%%

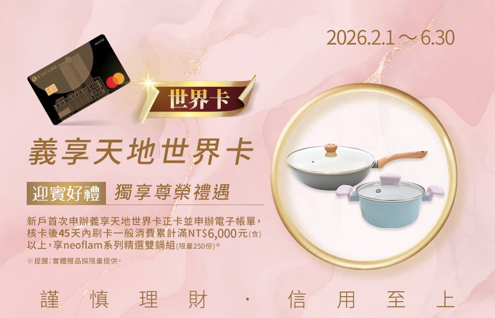 首次申辦第一銀行義享天地聯名卡「世界卡」正卡,並申請電子帳單之新戶,於核卡後45天內累計刷卡消費滿6,000元(含)以上贈「neoflam系列精選雙鍋組」(限量250份)
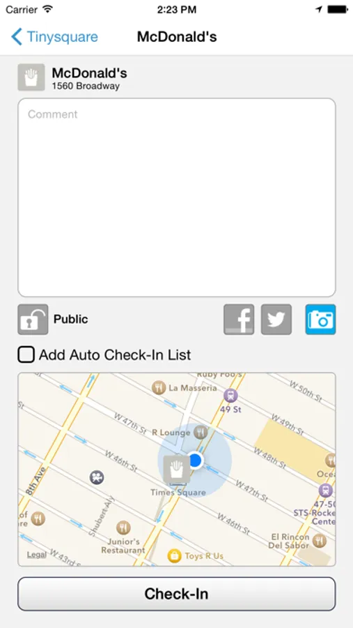 Tinysquare is a simple Swarm (foursquare) client to check in easy.
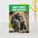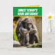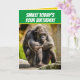 Ce chimpanzé en poche ressemble à votre mâle typique quand il n'arrive pas. Le recto de la carte dit, "Souriez ! Aujourd'hui c'est ton anniversaire !" A l'intérieur, il dit : "Demain, tu pourras retourner à être un vieil homme grincheux." Ouch ! Carte drôle pour le vieil homme grincheux de votre vie. Copier peut être modifié ainsi que les couleurs.
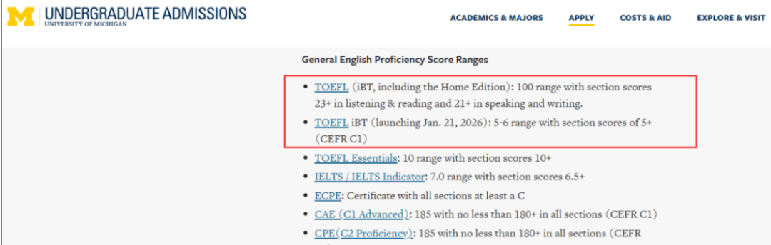 作为常春藤中明确新托福分数换算标准的院校,其要求具有较强的参考意义:
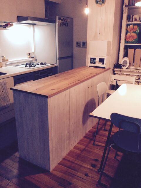 キッチンカウンターdiy 整理収納のインテリア 手作りの実例

%%

What to do >> Your reply should hold only the records, duplicated exactly, without any image.

Expected output >>
 首次申辦第一銀行義享天地聯名卡「世界卡」正卡,並申請電子帳單之新戶,於核卡後45天內累計刷卡消費滿6,000元(含)以上贈「neoflam系列精選雙鍋組」(限量250份)
 Tinysquare is a simple Swarm (foursquare) client to check in easy.
 Ce chimpanzé en poche ressemble à votre mâle typique quand il n'arrive pas. Le recto de la carte dit, "Souriez ! Aujourd'hui c'est ton anniversaire !" A l'intérieur, il dit : "Demain, tu pourras retourner à être un vieil homme grincheux." Ouch ! Carte drôle pour le vieil homme grincheux de votre vie. Copier peut être modifié ainsi que les couleurs.
 作为常春藤中明确新托福分数换算标准的院校,其要求具有较强的参考意义:
 キッチンカウンターdiy 整理収納のインテリア 手作りの実例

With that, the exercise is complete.